Modulating flow and heat transfer through the competition of electroosmotic and electromagnetic driving forces

This study systematically investigates the velocity and temperature fields under various parameter conditions using the perturbation method and finite difference method. The effects of the Hartmann number Ha, wavenumber kappa, slip coefficient d, nonlinear coefficient Gamma, source term S, and Brinkman number Br on flow and heat transfer characteristics are analyzed. Fig2 validates the accuracy of the perturbation method, showing excellent agreement between the perturbation solutions and numerical solutions at multiple time points, while also revealing the boundary layer characteristics of velocity profiles under different kappa values.
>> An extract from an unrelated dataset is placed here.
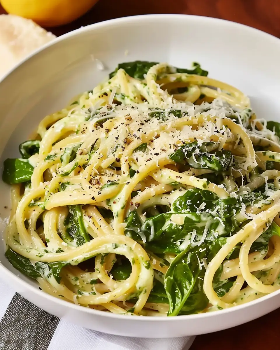 Spaghetti with Creamy Lemon-Spinach Sauce: A Fresh and Easy Delight
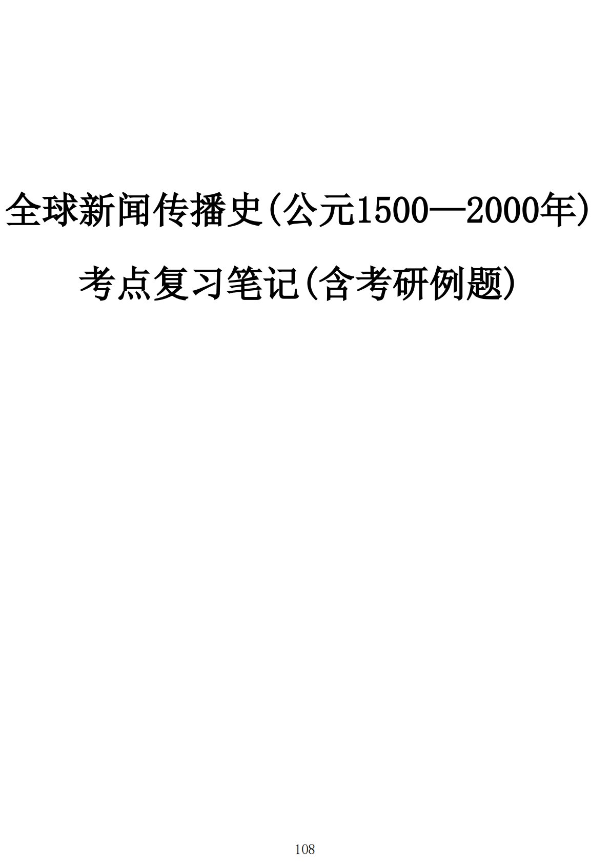 西南政法大学810新闻与传播专业基础全球新闻传播史(公元1500—2000年)考点复习笔记(含考研例题)

Figs3 and 4 compare the velocity evolution under low and high Ha conditions, demonstrating that both Ha and S suppress the velocity peak, with S having a more pronounced effect. Fig5 illustrates the role of the wavenumber kappa in regulating the velocity profile, where larger kappa causes the velocity peak to shift toward the wall, forming a typical boundary layer structure. Fig6 investigates the coupled effects of the slip coefficient d and Ha, showing that increasing d elevates the velocity distribution, while increasing Ha reduces the velocity peak, indicating a competitive relationship between the two parameters. Fig7 analyzes the influence of the nonlinear coefficient Gamma on velocity evolution, revealing that larger Gamma values decrease the velocity peak, and the velocity profile tends to a steady state after sufficient time development. Fig8 presents the temperature distribution characteristics, where an increase in the source term S significantly raises the temperature amplitude. Figs9 and 10 focus on the variation of the Nusselt number Nu with the Brinkman number Br, showing that Nu decreases monotonically with increasing Br, while larger S reduces Nu, and the slip boundary condition (d=0.02) slightly enhances heat transfer. The comprehensive dataset covers key physical quantities including velocity, temperature, and Nusselt number, providing systematic numerical support for understanding nonlinear flow and heat transfer mechanisms.